Dataset excerpts
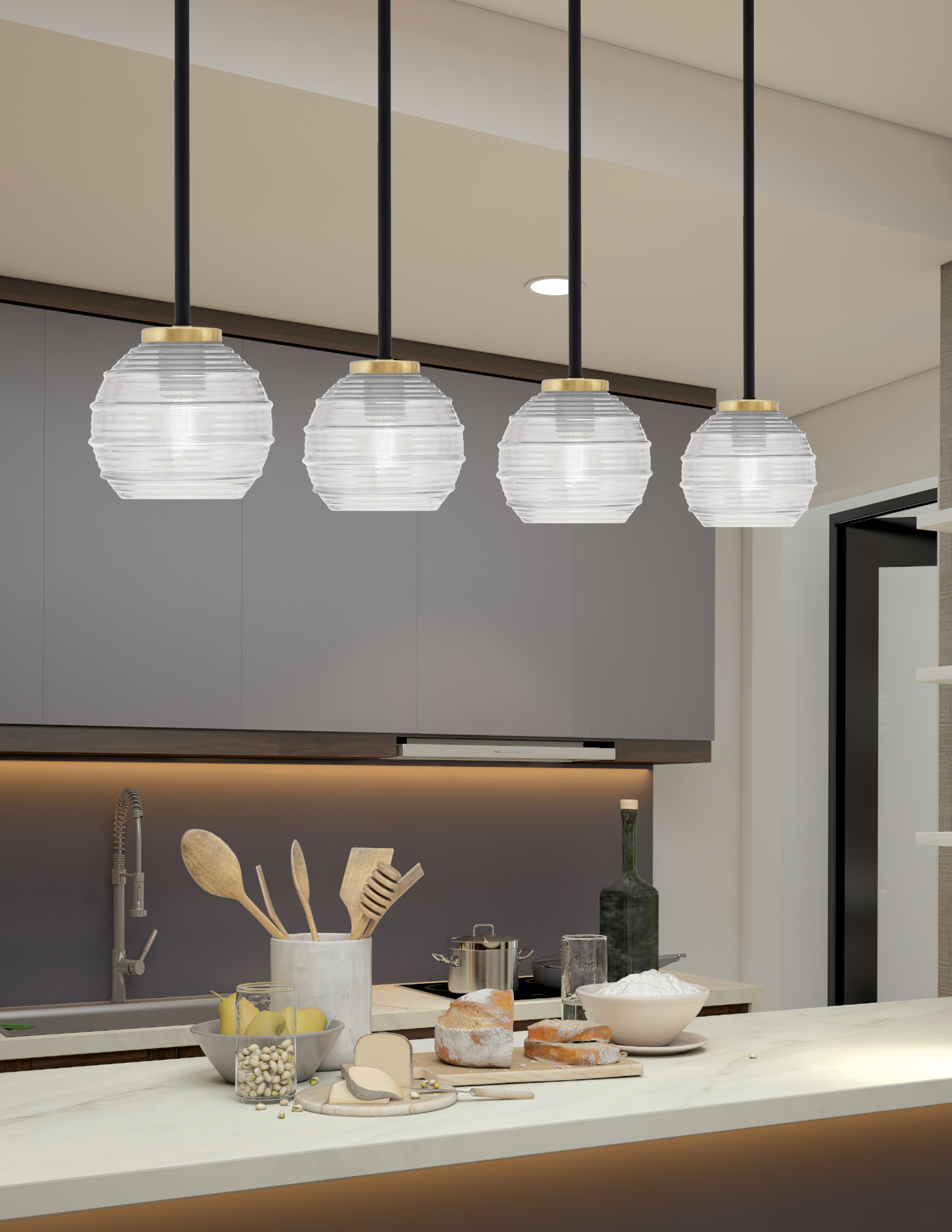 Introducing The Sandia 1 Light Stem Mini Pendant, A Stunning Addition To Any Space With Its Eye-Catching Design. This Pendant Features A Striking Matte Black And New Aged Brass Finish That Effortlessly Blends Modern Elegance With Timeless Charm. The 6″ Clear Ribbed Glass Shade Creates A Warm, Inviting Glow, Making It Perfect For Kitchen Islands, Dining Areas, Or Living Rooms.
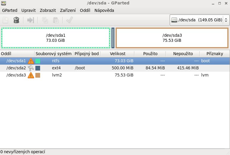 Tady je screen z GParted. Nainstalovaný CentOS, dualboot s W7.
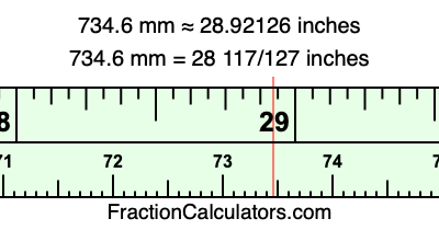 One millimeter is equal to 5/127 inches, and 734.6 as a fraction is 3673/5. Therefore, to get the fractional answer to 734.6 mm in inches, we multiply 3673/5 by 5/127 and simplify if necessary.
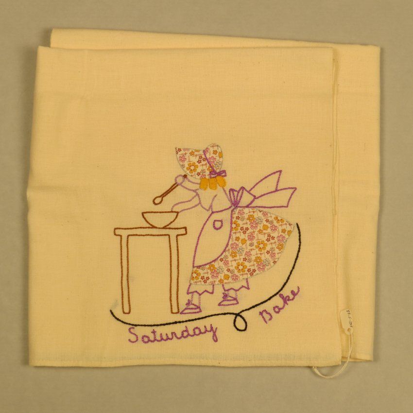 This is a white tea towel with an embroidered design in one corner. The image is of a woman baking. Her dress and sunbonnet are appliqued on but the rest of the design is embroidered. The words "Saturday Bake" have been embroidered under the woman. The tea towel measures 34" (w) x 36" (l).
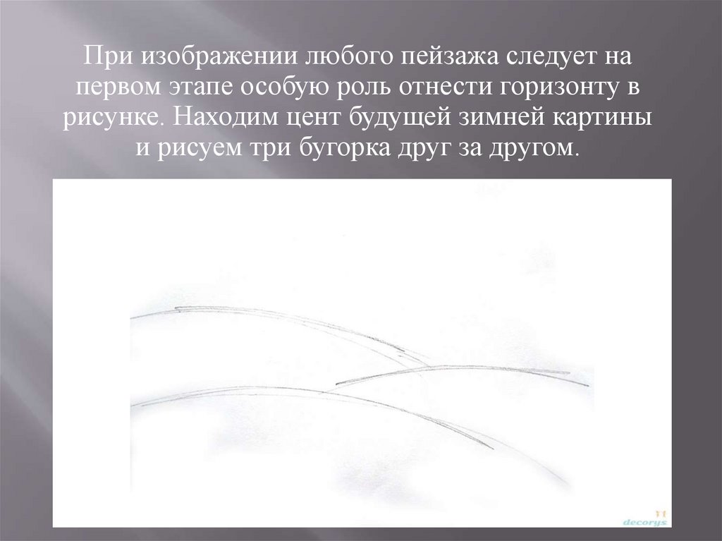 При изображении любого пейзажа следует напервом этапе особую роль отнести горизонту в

ABOUT THIS TASK - Please repeat, exactly and with nothing else, the lines from the one containing "Tady je screen" to the last line of the entries, both included, excluding any pictures.

RESULT -
 Tady je screen z GParted. Nainstalovaný CentOS, dualboot s W7.
 One millimeter is equal to 5/127 inches, and 734.6 as a fraction is 3673/5. Therefore, to get the fractional answer to 734.6 mm in inches, we multiply 3673/5 by 5/127 and simplify if necessary.
 This is a white tea towel with an embroidered design in one corner. The image is of a woman baking. Her dress and sunbonnet are appliqued on but the rest of the design is embroidered. The words "Saturday Bake" have been embroidered under the woman. The tea towel measures 34" (w) x 36" (l).
 При изображении любого пейзажа следует напервом этапе особую роль отнести горизонту в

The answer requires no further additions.